Unemployment fell to 12.8% last December, the lowest level in 11 years. In April 2021, the unemployment rate was still above 17% and at the peak of the debt crisis, in September 2013, it had reached 28%.

However, more than 1/4 of young people between the ages of 15 and 24 are still unemployed. This alone shows that Greece is still facing difficulties. Most growth forecasts for 2022 are between 4 and 5%, but to be confirmed the country must keep the pandemic under control and the conflict in Ukraine must not turn into war.

Greeks are already facing difficulties with the sharp rise in energy costs. The opposition SYRIZA, led by Alexis Tsipras, reminds of the problem, constantly blaming the government. Prime Minister Kyriakos Mitsotakis from the New Democracy Liberal-Conservative Party is accused of doing nothing to combat social inequalities. Parliamentary elections will be held in a year and a half at the latest. Mitsotakis’s party is currently leading in the polls, but the possibility can not be ruled out that the Social Democratic PASOK, which is recovering significantly, will form a left-wing coalition government with SYRIZA, which is in second place in the polls. The course of liberal economic reform would end in this case, business circles fear.
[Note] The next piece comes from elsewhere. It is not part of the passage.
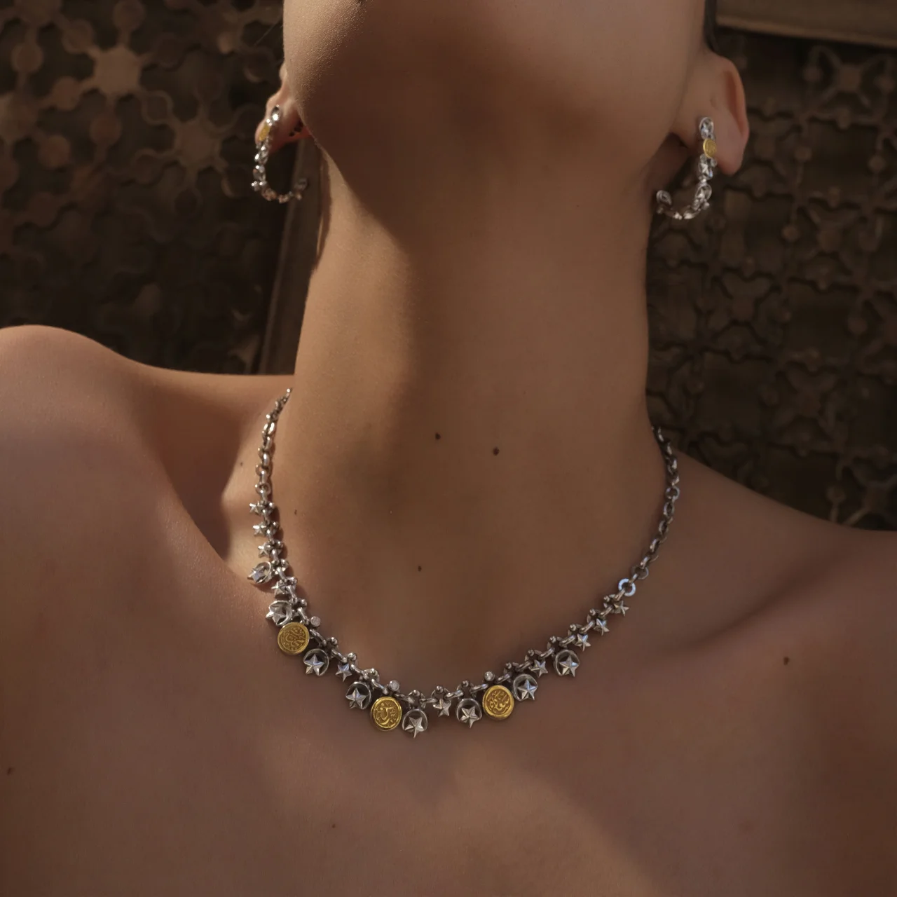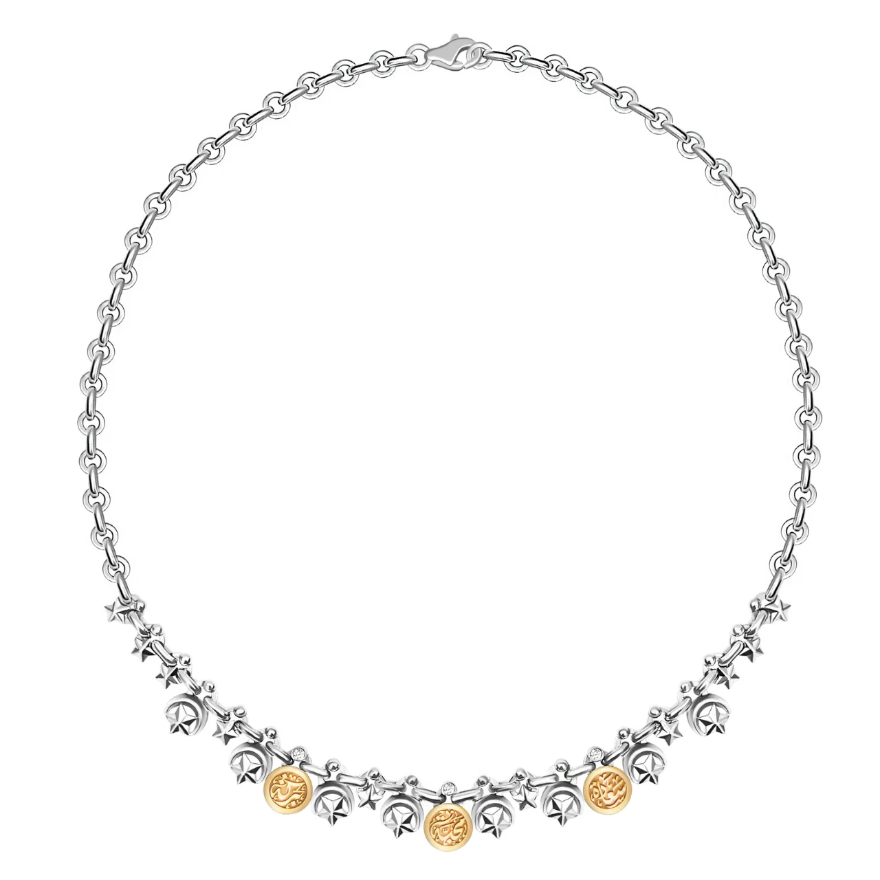 18k gold and pure silver with platinum plate finish, semi-precious stones, custom Arabic calligraphy. Egyptian heritage-inspired, handcrafted. Personalize your daily life, wear a piece of heritage that speaks to your heart.

But the world of economics still has confidence in Mitsotakis’ policy. This year, the Greek Prime Minister wants to reduce the deficit to more than half, reducing it to 4%. Due to the end of the pandemic measures, this can be done. Of course, many structural obstacles remain. Investment in 2019 was the lowest of any EU country and “one of the lowest in the world”, IMF economists said in a report in January. They recovered somewhat last year, but there is still a lot to be done. Greece is also characterized by the operation of many micro-enterprises: 95% of enterprises have less than 10 employees. Often these companies are not even able to present the necessary accounting data to obtain a loan from the banks. “Banks lend to large and medium-sized enterprises, but not yet to small ones. This is a problem, because they are a big part of our economy,” said the central bank governor. He hopes that the European Recovery Fund will help reduce the investment gap in Greece. “However, the funds will not be enough, more private funds are needed”, says the general director of IOBE Nikos Vettas. He described the government’s reform agenda as “mixed”. It would be good “for the government to act faster in order to make public administration and justice more efficient,” he says.